What you should do: Starting at the line below that contains "In the nanoindentation" and ending at the line that contains "Дирекція школи з", retype each line exactly as it stands, but omit the pictures.

Provided entries:
------------

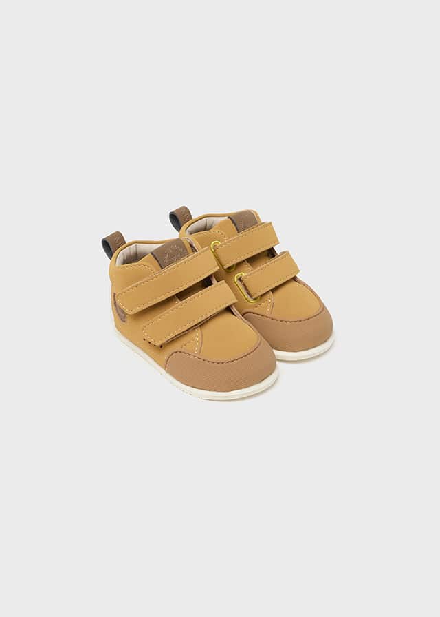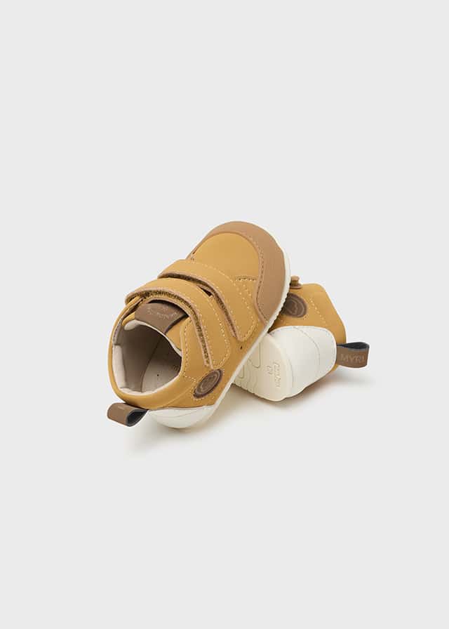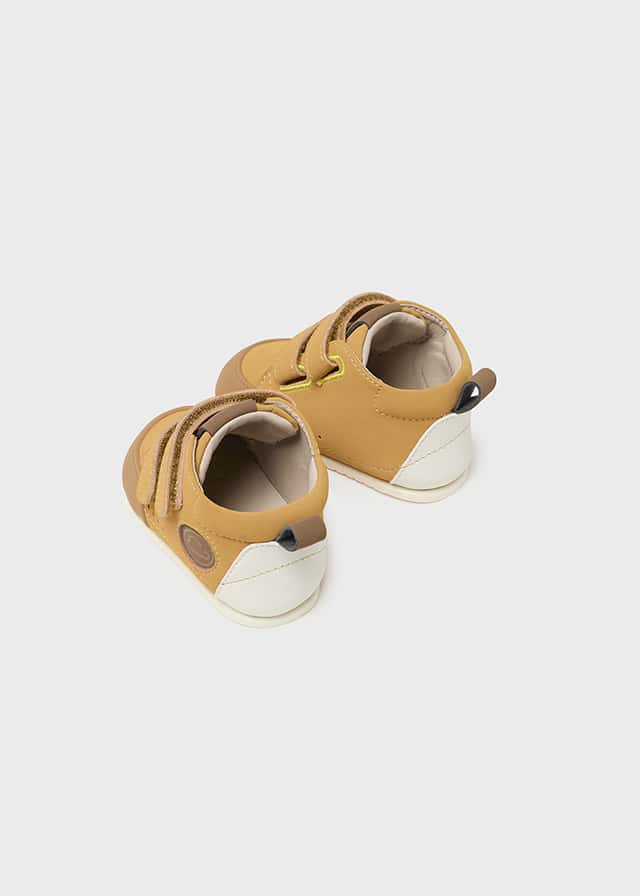 Este calzado respetuoso de primeros pasos están confeccionadas con POLIPIEL o también llamado cuero sintético (es un zapato respetuoso vegano) tanto en la parte superior como en el interior. Su cierre, compuesto por DOS VELCROS en color mostaza, facilita la colocación y promueve la autonomía de los más pequeños ya que es importante que los niños empiecen a calzarse solos gradualmente.
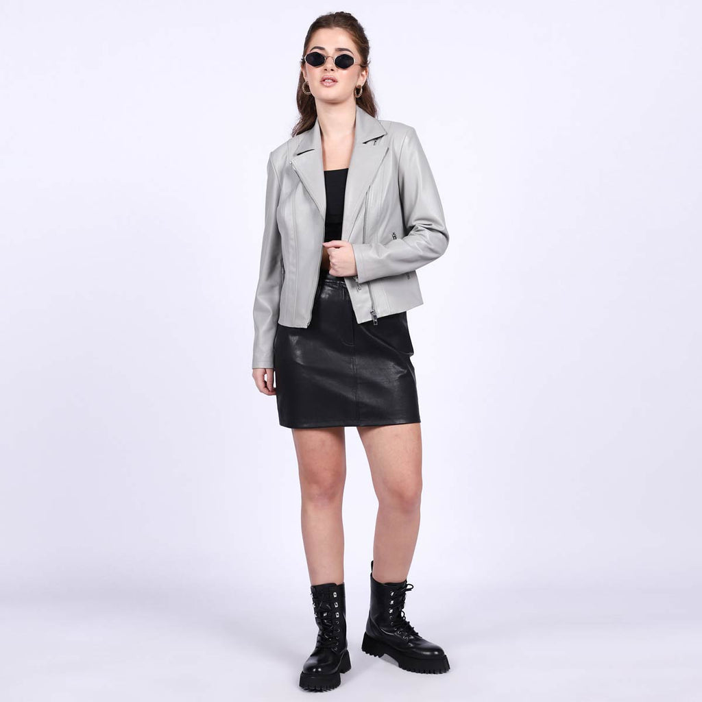 Our 100% leather Saint Ginevra Biker Jacket will be your go-to for handcrafted luxury. It features a grey Genuine glove leather outer shell, a cotton inner lining, a spread collar, open hems with zipped cuffs, and two functional zipped pockets. So stylish you'll be tempted to take a spin in it. Gear up, feel the power of adventure & set out on your next thrill ride!
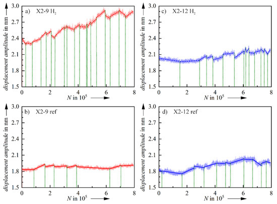 In the nanoindentation fatigue tests only the displacement amplitude was determined, which is shown exemplarily in Figure 7. Comparing the reference and precharged specimens, a trend towards a higher level of displacement amplitude can be observed for precharged variants of both materials, caused by a more pronounced plastic deformation beneath the indenter.
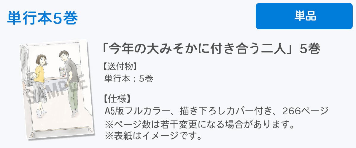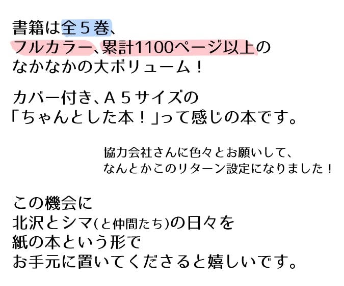 多くの読者様より紙本化を待望する声をいただき、本企画を実施するに至ったことを深く御礼申し上げます。約1,100ページ相当におよぶ本作の単行本化(全5巻)と、ここでしか手に入らない、その後の二人を描いた小冊子 をお届けすることを目指します。
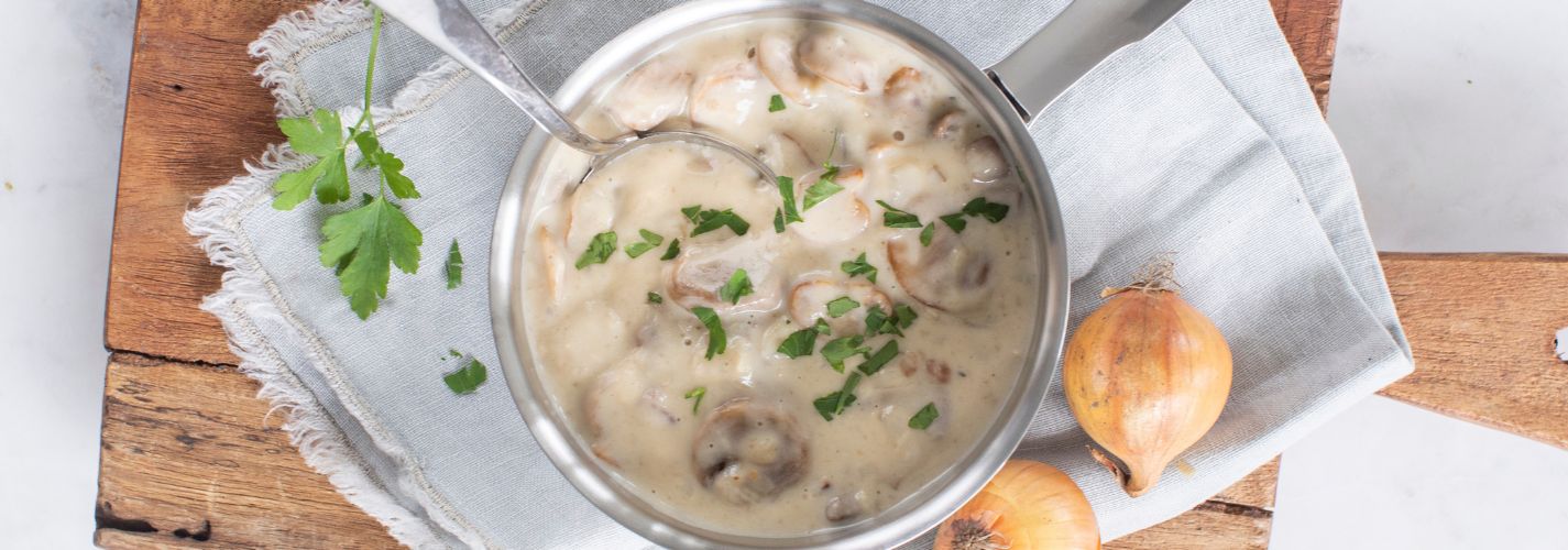 Dit recept voor champignonsaus is een klassieker die voor mij nooit gaat vervelen. Dit is een saus die je ook vaak kant-en-klaar in de winkel ziet liggen, maar geloof mij, als je deze eenmaal een keer zelf maakt wil je niet anders meer! Met maar een paar ingrediënten zoals gebakken champignons, ui, bloem en crème fraîche maak je super simpel een heerlijk romige champignonsaus. Deze champignonsaus maak je gemakkelijk zelf en zet je al in 20 minuten op tafel.
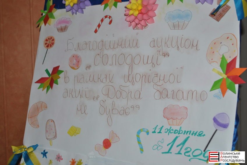 Дирекція школи з учнями та батьками організували благодійний ярмарок «Добра багато не буває», де продавали домашні смаколики.На столах у фойє школи – різноманіття солодощів: цукерки, пиріжки, пончики, пироги, печиво та торти. Діти за півгодини розкупили солодощі, а гроші кидали у спеціально встановлені скриньки.Зі слів заступника директора з виховної роботи Інни Савчук, усі виручені кошти передадуть дітям-сиротам. Жінка розповіла, що ярмарок проведуть у 2 етапи.
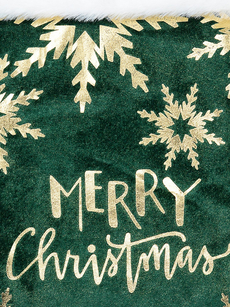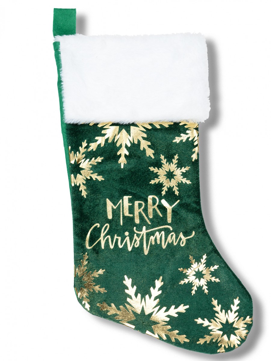 The luxurious emerald green velvet looks so lush with its gold 'Merry Christmas' print and delicate snowflakes. It's a bit fancy, but not too much. Measuring 26cm x 45cm, it's generously sized - proper room for Santa's little surprises and treasures. We love how the soft white faux fur cuff adds a touch of warmth to the sparkle and shine. That green felt loop makes it easy to hang anywhere you want to bring in holiday cheer.

------------

Answer for this exercise:
 In the nanoindentation fatigue tests only the displacement amplitude was determined, which is shown exemplarily in Figure 7. Comparing the reference and precharged specimens, a trend towards a higher level of displacement amplitude can be observed for precharged variants of both materials, caused by a more pronounced plastic deformation beneath the indenter.
 多くの読者様より紙本化を待望する声をいただき、本企画を実施するに至ったことを深く御礼申し上げます。約1,100ページ相当におよぶ本作の単行本化(全5巻)と、ここでしか手に入らない、その後の二人を描いた小冊子 をお届けすることを目指します。
 Dit recept voor champignonsaus is een klassieker die voor mij nooit gaat vervelen. Dit is een saus die je ook vaak kant-en-klaar in de winkel ziet liggen, maar geloof mij, als je deze eenmaal een keer zelf maakt wil je niet anders meer! Met maar een paar ingrediënten zoals gebakken champignons, ui, bloem en crème fraîche maak je super simpel een heerlijk romige champignonsaus. Deze champignonsaus maak je gemakkelijk zelf en zet je al in 20 minuten op tafel.
 Дирекція школи з учнями та батьками організували благодійний ярмарок «Добра багато не буває», де продавали домашні смаколики.На столах у фойє школи – різноманіття солодощів: цукерки, пиріжки, пончики, пироги, печиво та торти. Діти за півгодини розкупили солодощі, а гроші кидали у спеціально встановлені скриньки.Зі слів заступника директора з виховної роботи Інни Савчук, усі виручені кошти передадуть дітям-сиротам. Жінка розповіла, що ярмарок проведуть у 2 етапи.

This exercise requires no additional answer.